ITF demands stronger corporate accountability at OECD

The ITF has contributed to a trade union advisory committee (TUAC) roundtable at the Organisation for Economic Cooperation and Development (OECD) in Paris, France, focused on the role of due diligence, social dialogue and corporate accountability mechanisms.

The OECD plays a prominent role globally in standard-setting and providing guidance on responsible business conduct, through its guidelines for multinational enterprises (MNEs) and due diligence guidance.

The OECD MNEs guidelines set out the standard of business behaviour expected of companies by adhering governments. Almost all of the global union federations have supported the filing of complaints by national affiliates through the OECD process with varying outcomes. However, the guidelines have proved to be a useful tool for unions when social dialogue has failed.

During his contribution to the roundtable, ITF assistant general secretary Rob Johnston said: “We welcome the work that the OECD has done to date, but we need to do more. We need to strengthen the social contract of private corporations, and the OECD has a vitally important role in achieving this.”
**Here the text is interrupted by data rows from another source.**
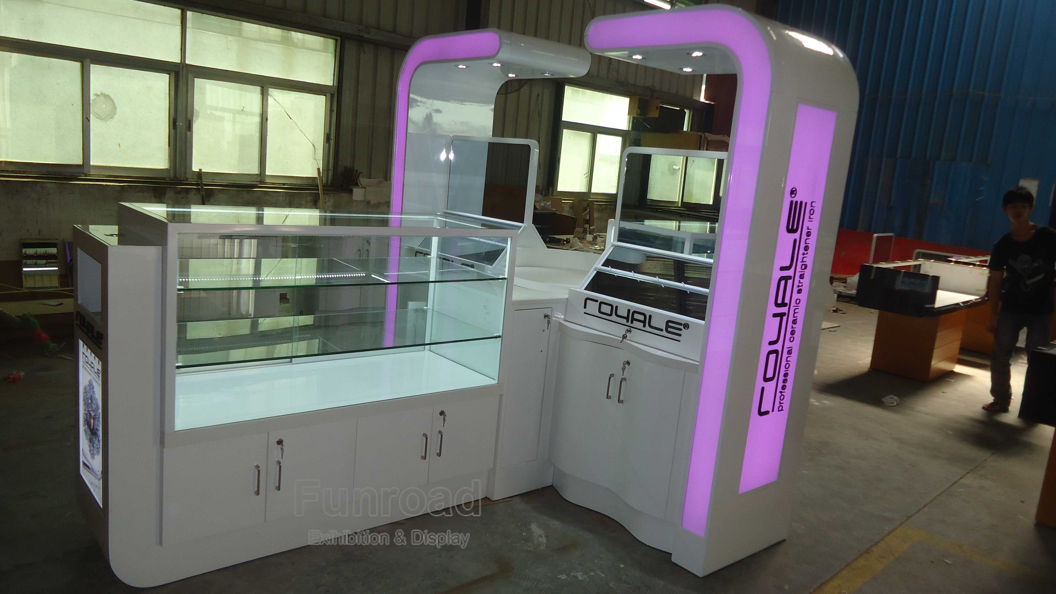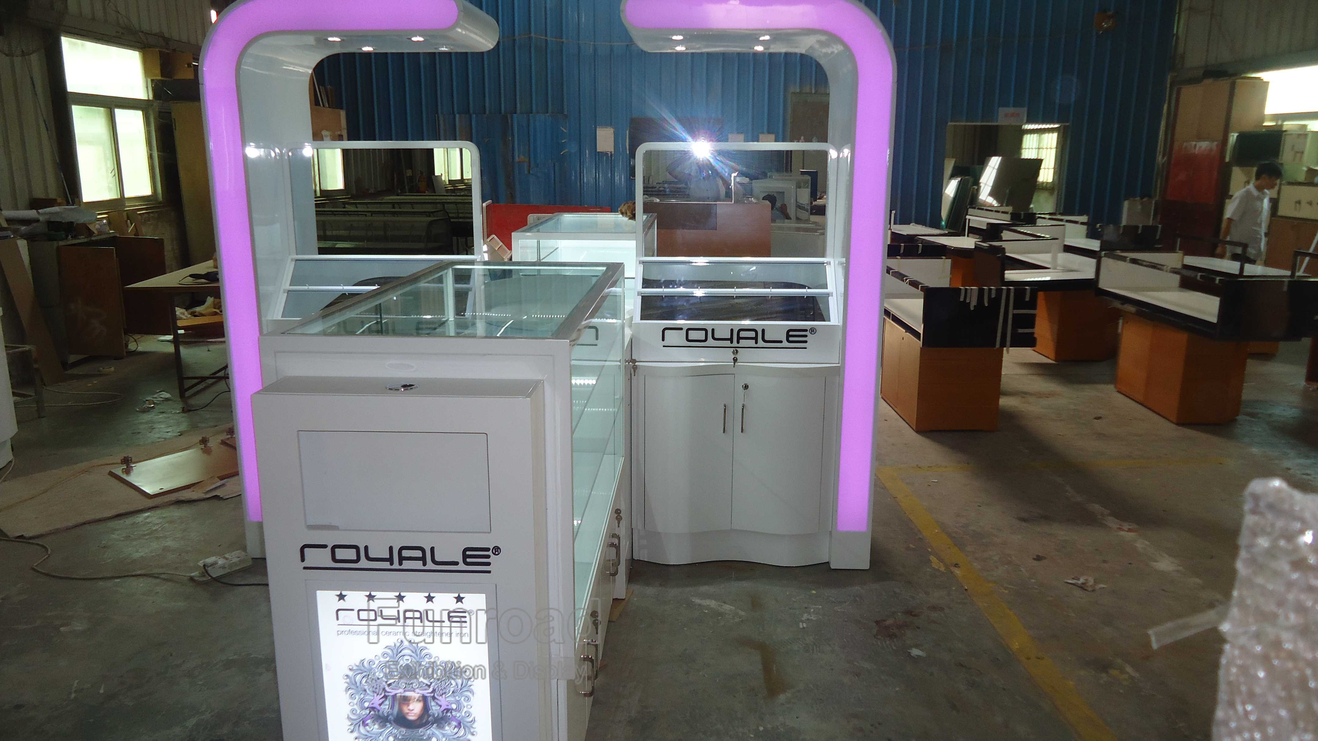 在美國做生意的MR李找到我們,要我們為設計制作適合商場環境的產品銷售柜臺。通過與客戶的溝通,明確了需要展示的產品類型,商場面積位置構造,再結合客戶的需求,我們進行了專業化的設計。現這款精美的商場化妝品展柜現已設計制作完成,下面我們一起來看這款精美的商場展柜吧。
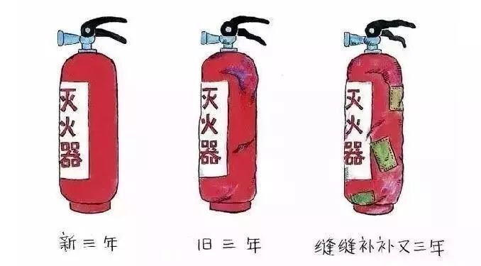 2、滅火器外殼過期。滅火器因充裝有強壓力氣體和藥劑,加之長時間的空氣腐蝕,藥劑瓶會出現震損,不能保證使用安全,每12年需強制報廢。
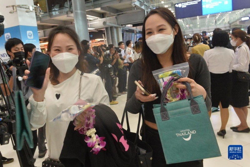 1月9日,泰國官員在位于泰國首都曼谷東郊沙沒巴干府的素萬那普機場歡迎搭乘廈門航空MF833的旅客。
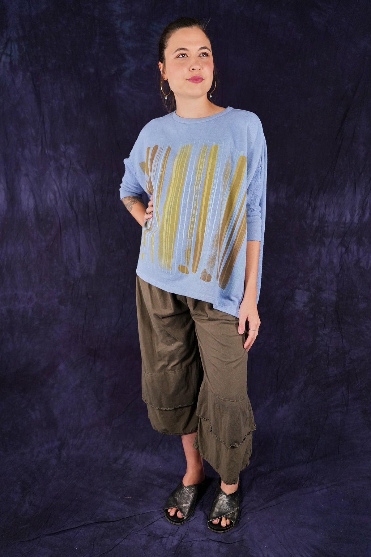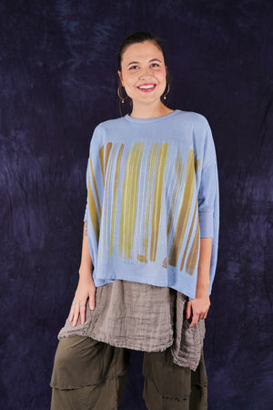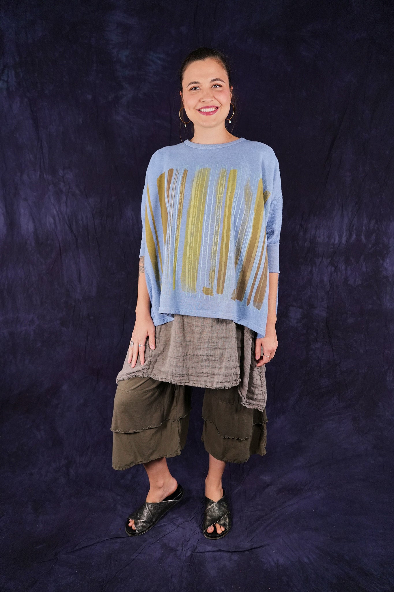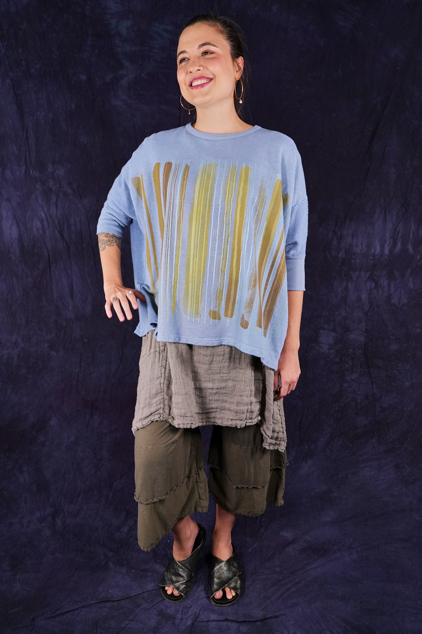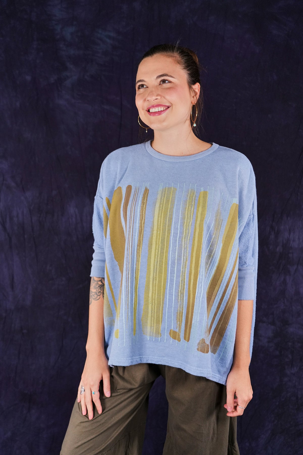Soft light weight layer with incredible prints. This style will keep you warm on cooler summer evenings and it makes a statement! Square shape with 3/4 length sleeves, perfect for travel. Layer a tee or tank or chambray midlayer underneath to peek out a bit of color from the hem of this light sweatshirt/top.

Recent due diligence guidance produced by the OECD recognises the key role that social dialogue plays at all stages and levels. The ITF agrees with this, but the reality in many supply chains is very different with trade union concerns often ignored or dismissed. When this occurs, the OECD national contact person can play an important role in bringing together both parties to find solutions.

The ITF’s experience has shown that effective global collective agreements can in fact be very effective forms of due diligence. Due diligence can also open the door to stronger social dialogue and the ITF is currently exploring with a major MNE how to do this across a major supply chain.

The ITF’s version of proper due diligence in transportation includes the full integration of trade unions. The ITF’s model for supply chain due diligence is based on three components:

  1. Minimum standards and principles reflected in tendering policies.
  2. Monitoring and compliance overseen by workers through trade unions.
  3. Remediation that works to reform non-compliance through a series of measures that are elevated appropriately, thus protecting employment and welfare.

Integrating the ITF approach into the OECD future work program can only strengthen the work around human rights due diligence through meaningful engagement by workers and unions, and further contribute to social dialogue at the global level.